What is the “automatic stay” in bankruptcy?
This refers to the provision in bankruptcy law that forces all creditors to cease any and all collection activity upon notification that a debtor has filed bankruptcy. This includes harassing phone calls, lawsuit proceedings, and threatening letters.
What are bankruptcy exemption laws?
Bankruptcy exemptions are the laws that deal with giving you relief from creditors by protecting your assets during a Chapter 7 filing. In a Chapter 7 bankruptcy, unsecured creditors like credit card companies, hospitals, and collection agencies are paid through the liquidation of your non-exempt assets. Fortunately, there are specific laws (bankruptcy exemptions) in each state and on a federal that protect a large portion of your assets from being sold.
What is the purpose of having these protections?
The goal of bankruptcy is to provide a “fresh start” for consumers who are overwhelmed by their debts. In order to truly get a “fresh start” one must have a foundation from which to build on. By allowing debtors to keep their property and possessions, this is made possible.
What assets are typically protected?
The most common exemptions deal with your residence, a motor vehicle, clothing, a certain amount of savings, your retirement resources, and other basic needs in today’s society.

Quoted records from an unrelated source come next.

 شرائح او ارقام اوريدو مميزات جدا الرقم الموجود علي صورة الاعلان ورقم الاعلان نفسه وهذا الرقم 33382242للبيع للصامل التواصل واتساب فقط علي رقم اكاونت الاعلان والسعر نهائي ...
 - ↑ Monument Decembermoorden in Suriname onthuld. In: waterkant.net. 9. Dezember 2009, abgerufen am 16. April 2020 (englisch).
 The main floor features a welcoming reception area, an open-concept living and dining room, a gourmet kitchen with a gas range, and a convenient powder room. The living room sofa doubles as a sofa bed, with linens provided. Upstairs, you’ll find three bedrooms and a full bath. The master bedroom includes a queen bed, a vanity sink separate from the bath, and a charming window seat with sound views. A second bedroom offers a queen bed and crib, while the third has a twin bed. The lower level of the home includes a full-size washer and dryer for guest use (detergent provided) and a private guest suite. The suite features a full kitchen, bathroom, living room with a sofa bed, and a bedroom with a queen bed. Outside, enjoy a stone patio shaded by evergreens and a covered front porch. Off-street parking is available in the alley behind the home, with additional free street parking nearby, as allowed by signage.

So my home is exempt from liquidation? That’s great!
Actually this depends on your state. Some states have minimal if any protection in a Chapter 7 (Pennsylvania and New Jersey, for example), and very few states will shield your house in the event you have a lot of home equity (Texas, Florida, Oklahoma, Arkansas, and Iowa being exceptions for the most part).
What is home equity?
Home equity refers to the dollar amount of ownership you have in your property. For example, if you took out a mortgage for $200,000, have paid off $150,000, and the value of the home has increased by $10,000, your equity or ownership would be $160,000 (assuming you had no down payment).

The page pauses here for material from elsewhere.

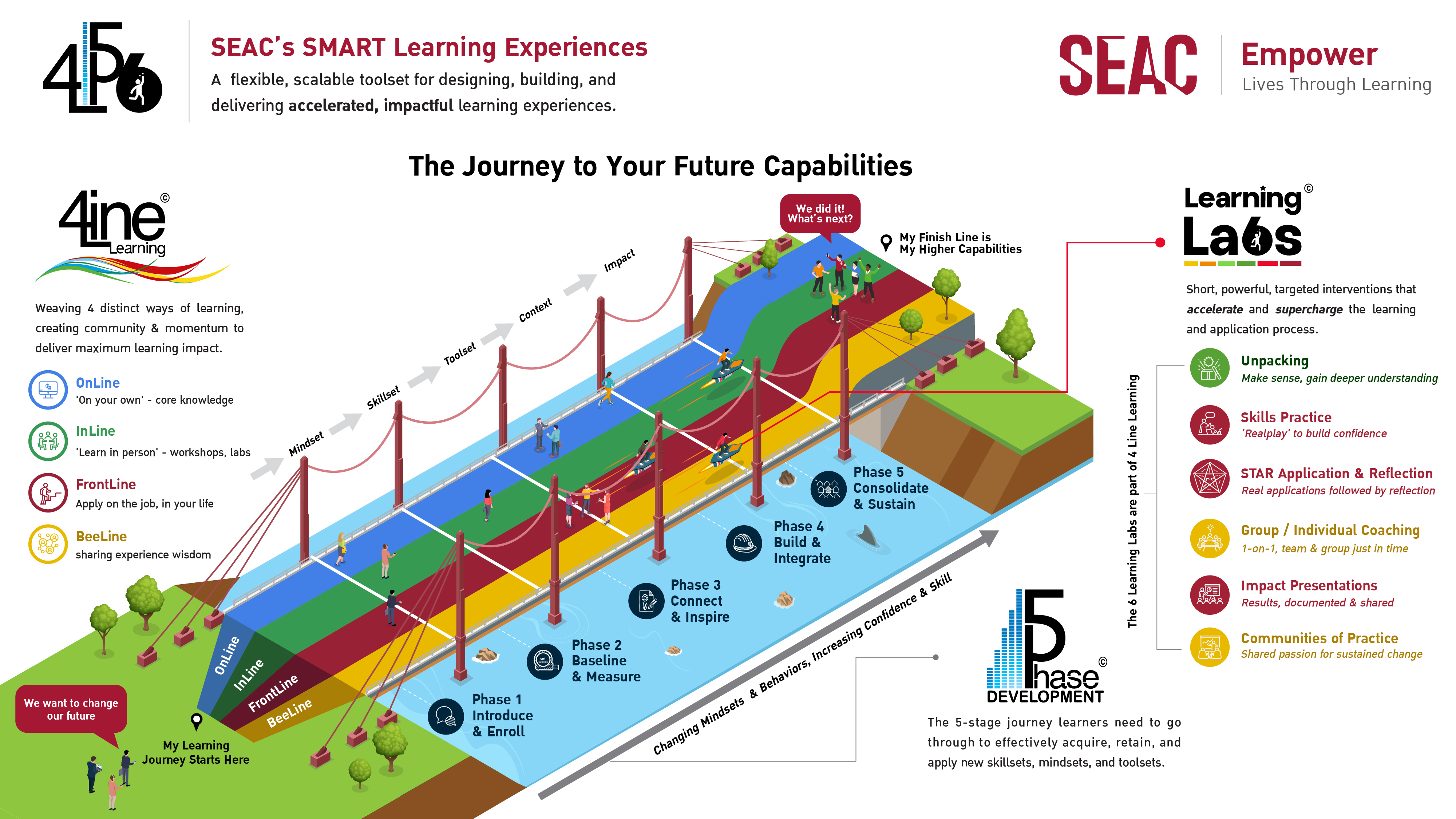 The solution begins with defining the five phases that a learner must go through to ensure buy-in, value, retention, and application: essentially, a bridge across their skill gap. Following that, SEAC weaves four distinct learning lines to support the learners in crossing that bridge to their future. Finally, SEAC incorporates targeted lab experiences to assist learners in accelerating and applying their new skills with confidence and impact. SEAC’s 4-Line Learning, 5-Phase Development, and 6 Learning Labs are a technology-enabled ecosystem and toolkit for effectively closing the massive skill gaps learners’ face.

How does the equity you have in your property relate to bankruptcy?
When you file bankruptcy, the courts will calculate how much equity you have in specific pieces of property, compare it to the state or federal bankruptcy exemptions, and determine whether they are supposed to liquidate those assets to pay back your unsecured creditors.
What happens if my equity is above the bankruptcy exemption?
If the equity you have in a specific asset is above the allotted amount for that type of property, the court may liquidate it and from the proceeds of the sale, the court will pay you your exemption amount first and then from whatever is left over is divided evenly amongst your unsecured creditors.
Are there any cases when the equity you have in a piece of property is above the exemption, but the court still does not force the sale of that property?
Yes, when the equity you have is not substantially more than the exemption, it is possible that the courts will allow you to keep the asset. The underlying principle and cut off is if there will be nothing left after accounting for paying you your exemption amount and the cost of the sale, the courts will allow the debtor to keep the property.
Where can I find resources about my state’s laws?
Information About Bankruptcy
I heard that some states allow you to choose which exemptions you want—the state’s or the federal government’s. Is this true?
Yes. The following states allow you to choose between the state and federal exemptions:
Arkansas
Connecticut
Washington D.C.
Hawaii
Massachusetts
Michigan
Minnesota
New Hampshire
New Jersey
New Mexico
Pennsylvania
Rhode Island
Texas
Vermont
Washington
Wisconsin
Has the new bankruptcy law had any affect on the protections available?
Yes. It has had a profound impact on debtors who have moved to a different state during the time prior to filing bankruptcy. Under the old law you filed wherever your legal residence was. With the new law, however, if you move to another state in the last three years and four month prior to filing, your homestead exemption is limited to $136,875. For other property exemptions, unless you have been a state resident for at least two years before filing, you must use the laws from the state you used to live in.